Where Do I Go From Here
I was at the lowest point in my life and it was a challenge just to wake up every day.
I felt as if my life had turned into a bad dream. There was a sense of unreality to everything.
How did I become a widow at 47 years old? How did I come to weigh 267 pounds? A feeling of deep physical and spiritual illness weighed on me every moment. Over a period of five nightmarish years I had lost my career, my home, my husband, and my health. I felt I was losing my sanity.
Thank God for my saving graces in the form of a God that never leaves me no matter the circumstances and a loving family.
As I struggled just to keep putting one foot in front of the other, I knew I needed to start the difficult process of moving on with my life. But how?? I knew I needed to take a positive step in a forward direction. I also knew that my capabilities were limited by my current circumstances. As I searched for answers I came up with the one thing that I felt capable of tackling.
I began my climb back to a meaningful life that feels full and real by working on one thing at a time. I started with my most limiting physical problem - my wheight.

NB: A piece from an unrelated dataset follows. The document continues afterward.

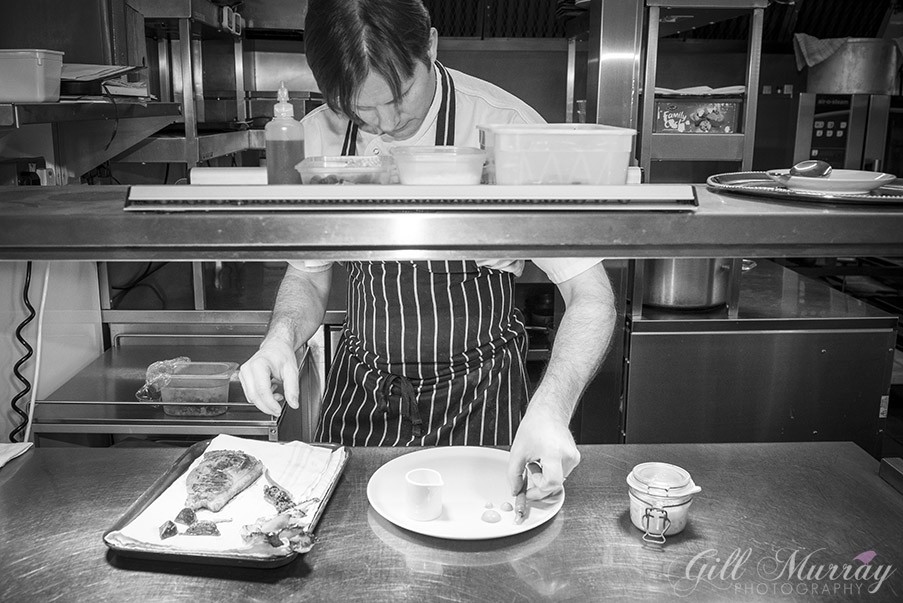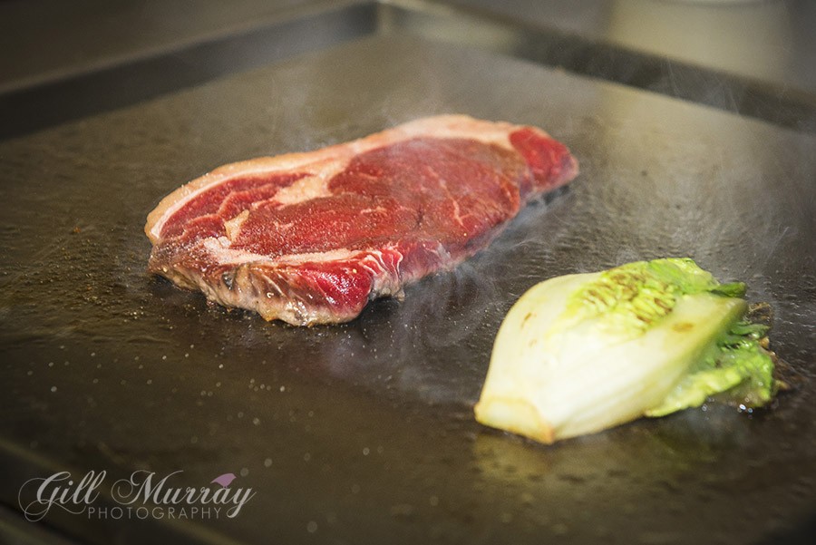 Fabrice, who is also head chef, was busy in the kitchen when I arrived preparing his Dexter Beef Sirloin for our shoot. Fabrice’s kitchen is really inspiring and I listened with interest as he showed me his custom built French stove complete with two plancha hot plates and a hob – very impressive indeed!

I started dealing with what had been a life long struggle with weight issues and had at this point evolved into chronic obesity.
Since I had unsuccessfully tried many things in the past and I knew that at this point in my life I needed drastic measures, I took a drastic step and pursued baratric surgery. Once my mind was made up I knew that I needed to gain forward momentum quickly to keep from sliding back. I jumped right into to finding and pursuing the right medical program.
It took me only three months to get through all the physical and mental tests, evaluations, and changes that were required in order for my insurance and my medical team to approve my surgery. Once I settled on something that I felt capable of doing in order to start moving forward, I was determined and would not let anything deter me. Nothing, not the doubters in my life nor the doubters in my head, could stop me.
I had my surgery just over three years a go. I used this positive change to spur me on to making other positive changes. Although I am very much a work in progress, today I am a physically fit 140 pounds. I have a special Man in my life. My life is full of meaningful work and joyful times with beloved friends and family. I thank God for where I am, where I have been, and where I am going.